Spain's young flood helpers smash 'snowflake' stereotype

Published: 06 Nov 2024 - 06:16 pm | Last Updated: 06 Nov 2024 - 06:19 pm
People with masks and soldier remove mud in a flooded street on November 6, 2024, in Catarroja, in the region of Valencia, eastern Spain, in the aftermath of deadly floods. (Photo by CESAR MANSO / AFP)

People with masks and soldier remove mud in a flooded street on November 6, 2024, in Catarroja, in the region of Valencia, eastern Spain, in the aftermath of deadly floods. (Photo by CESAR MANSO / AFP)

AFP

Valencia, Spain: Young volunteers have spearheaded a humanitarian campaign for victims of Spain's deadliest floods in decades, smashing stereotypes of an apathetic and feeble "snowflake generation" interested in nothing other than themselves.

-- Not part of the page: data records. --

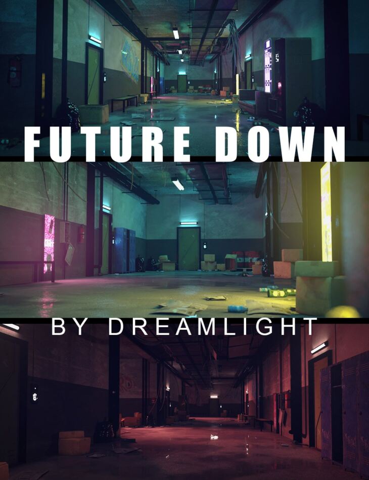 Future Down is a forgotten cyberpunk-style hallway, as detailed as it is scary. It's stylish yet grungy. It has a worn touch as well as high-tech details and is full of camera angle opportunities.
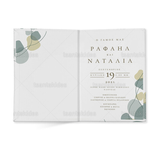 Προσκλητήριο σκληρό καπάκι  μεγάλο εκτυπωμένο με minimal σχεδιασμό και sage green στοιχεία
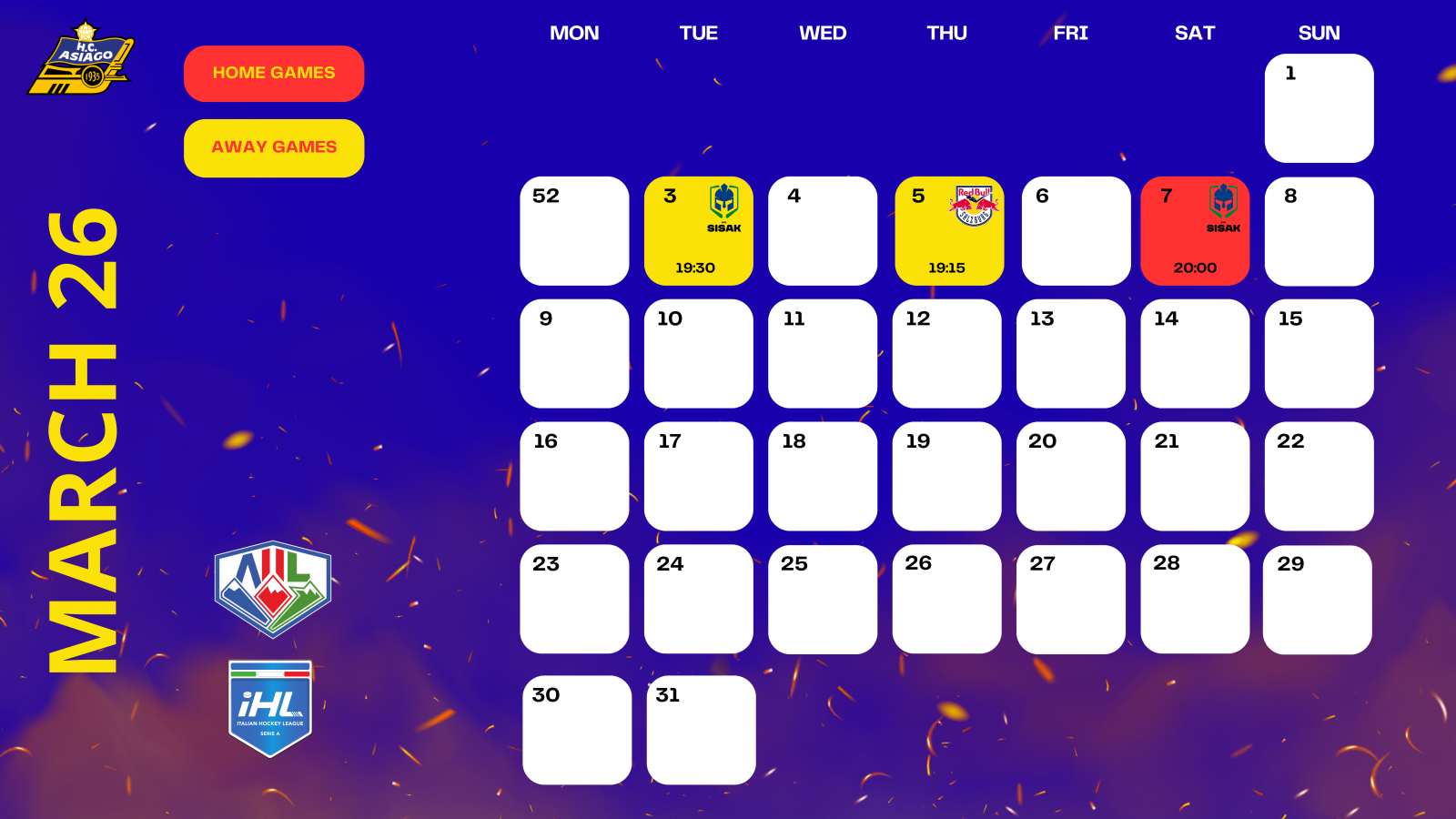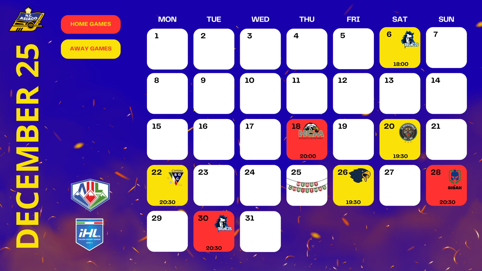 Calendario ALPS Hockey League – IHL Serie A 2025/26

"Hundreds, perhaps thousands have come, they have conducted themselves magnificently," said Noelia Saez, a 48-year-old from the devastated town of Catarroja.

The altruism also overjoyed 62-year-old Teresa Gisbert, a resident of the ruined town of Sedavi, where dozens of young volunteers rushed to assist as mud covered the streets and her home.

"They bring us food, they have helped us... they are angels," she told AFP.

Their towns are in the eastern Valencia region, where almost all the destruction and the more than 200 deaths have been recorded since the floods struck a week ago.

With the authorities absent from some of the worst-affected areas for days, an army of ordinary citizens travelled on foot to provide food, water and cleaning equipment to clear the mud.

Youths have been at the forefront of this wave of solidarity and were at work again in Catarroja on Wednesday, loading trucks with fresh supplies, an AFP journalist saw.

It was a far cry from stereotypes caricaturing the generation born in this millennium as self-centred "snowflakes" addicted to endless scrolling on social media.

"The elderly are always going to say that people who aren't from their generation are worse," said Angela Noblejas, a 19-year-old industrial engineering student.

"But now that they've given us an opportunity, that maybe they wouldn't have given us, because it's not a good situation, we young have responded pretty well."